WASHINGTON -- The Public Securities Association, as expected, threw its support behind most of the Securities and Exchange Commission's disclosure initiatives yesterday, but implored the SEC to drop some key provisions that the PSA believes would seriously disrupt market liquidity.
"The commission's initiative is a major stride in the evolution of disclosure practices in the municipal securities market," PSA chairman R. Fenn Putman said in a 17-page comment letter. "The scope is well targeted and not burdensome for issuers."
But the system envisioned by the SEC will not work if the agency bars dealers from recommending bonds to customers unless they have reviewed the disclosure documents the issuer has contracted to provide, Putman said.

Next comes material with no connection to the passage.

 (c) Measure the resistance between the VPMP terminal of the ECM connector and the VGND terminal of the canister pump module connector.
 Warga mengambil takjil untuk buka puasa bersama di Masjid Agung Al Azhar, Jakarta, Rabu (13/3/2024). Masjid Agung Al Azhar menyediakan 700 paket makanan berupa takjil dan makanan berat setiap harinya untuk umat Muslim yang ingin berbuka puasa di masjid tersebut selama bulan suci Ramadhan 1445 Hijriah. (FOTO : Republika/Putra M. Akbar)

Putman also urged the commission to drop a provision that is drawing strong objections from the market that would require issuers to disclose financial information for "significant obligors." He said that "judgments on the necessary disclosure should be left to the issuer."
Putman was referring to key provisions contained in a set of amendments to the SEC's municipal disclosure rule that the agency proposed on March 17. At that time, the SEC also released its legal interpretation of issuers' disclosure responsibilities under the federal antifraud statutes. Comments on both initiatives were due July 15.

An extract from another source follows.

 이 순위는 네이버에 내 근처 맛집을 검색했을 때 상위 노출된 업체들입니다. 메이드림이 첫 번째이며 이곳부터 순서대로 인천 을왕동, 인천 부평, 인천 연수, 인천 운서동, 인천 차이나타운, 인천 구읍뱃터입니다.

The PSA's chairman explained why he is troubled by the provision that would bar dealers from recommending bonds unless they have reviewed documents.

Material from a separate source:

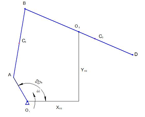 Определить скорости и ускорения точек А, В, С, D шарнирного четырёхугольника, а также угловые скорости ω2 шатуна АВ и ω3 коромысла ВD в положении, указанном на рис.1. Дано =О1А=0,57 м, =АВ=1,43 м, φ=120°,= ВО2=1,2 м, =О2D=1,2 м, = АC2=0,715 м,=О2С3=0,36 м, ω1= ωО1А=1 с-1=const . Координаты точки О2: XO2=1,056 м, YO2=1,43 м.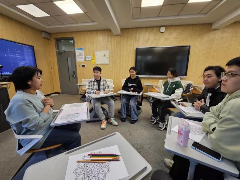 在创作环节,同学们纷纷拿起画笔认真作画、专注于纸间勾勒。展示环节中,同学们依次向大家分享了自己的作品。23级亚美尼亚语的战泉宇同学回忆到小学时学习的“点-线-面”构图法,精细的作品与切身的感悟很快引起了大家的共鸣。之后,各位同学分别就作画时的内心感受和情绪变化相互交流、就学习生活中的心态管理进行了深入探讨,丁老师在每位同学发言后进行针对性点评和心理辅导。

"Once an issuer deposits a 200- or 300-page annual report with a repository, dealers would be forced to stop trading in the securities of that issuer until they have reviewed the document. This would freeze the market for that issuer's securities regardless of the nature of the information contained in the document," Putman said.
The SEC's current requirement that dealers have a "reasonable basis" for recommending bonds to customers works well, he said, and an additional standard is unnecessary. Putman contended that dealers know they cannot just rely on a bond's rating to satisfy the test.
Putman conceded that the rule's benefits would not "come about instantly" as the mechanism that the SEC has proposed is complicated. "Nevertheless, we are confident that it will work" because of a "powerful" provision in the interpretive release that makes clear that issuers do not "have the option to remain silent" under the antifraud provisions of the federal securities laws, said Putman, who is a managing director at Lehman Brothers.
He added that there will be a "significant economic penalty" for those issuers that do not conform to existing rules.
And he called "implausible" suggestions made by some market participants that dealers will not make use of the information that will pour into bond repositories as a result of the SEC proposals.
Putman also urged the SEC to use caution in defining the term "conduit bond."
"Prior to seeking legislation on conduit borrowings, we believe the commission should identify specific problems in this area and limit any proposed definitions to areas with identifiable problems," he said.
The rule should require issuers to state their disclosure plans in trust indentures or bond resolutions, Putman said. "This would eliminate any uncertainty" that the issuer's pledge is a contractual one, he said. It would not be sufficient for issuers to simply add a statement to final official statements pledging to provide ongoing disclosure, he said.
He urged the SEC to "expressly acknowledge" in the rule that issuers can make generalized pledges in bond documents about their intentions. Issuers could pledge to provide "such documents and information as may be necessary in the opinion of counsel, to comply with the information provision requirements of 15c2-12, or other similar disclosure requirements and regulations," the PSA suggested.
The PSA said that the SEC should not require issuers to use generally accepted auditing standards or generally accepted accounting principles. Issuers, however, should be required to note where they deviate from those requirements, Putman said.
In addition, the SEC should not give issuers a deadline for providing annual financial information, Putman said.
Putman called "appropriate" the list of 11 material events listed by the SEC in the proposed rule and legal interpretation. Issuers should be required to release the information within hours after the event has occurred, he said.
The SEC requested comments on whether a "seasoned issuer" should be allowed to incorporate documents by reference in the final official statement. Putman supported the idea as long as the documents are readily accessible. The definition of a seasoned issuer should depend on how frequently an issuer accesses the market and the dollar amount of securities outstanding, he said.
Issuers are exempt-from the SEC's current disclosure Rule 15c2-12, which was implemented in June 1989, if they are issuing less than $1 million of debt. The agency's proposed rule would exempt an offering if the issuer will have less than $10 million in aggregate amount of municipal bonds outstanding including the offered securities, and the issuer will have issued leSs than $3 million in aggregate amount of municipal securities in the most recent 48 months preceding the offering.
Putman said the exemptions are "appropriate."
He said that if an issuer has designated a repository other than the Municipal Securities Rulemaking Board, the nationally recognized repository should be required to inform the MSRB of any filing immediately. Issuers should send notices of material events via facsimile "or other electronic means," and annual financial information should be forwarded using next day mail if electronic means are unavailable, Putman said.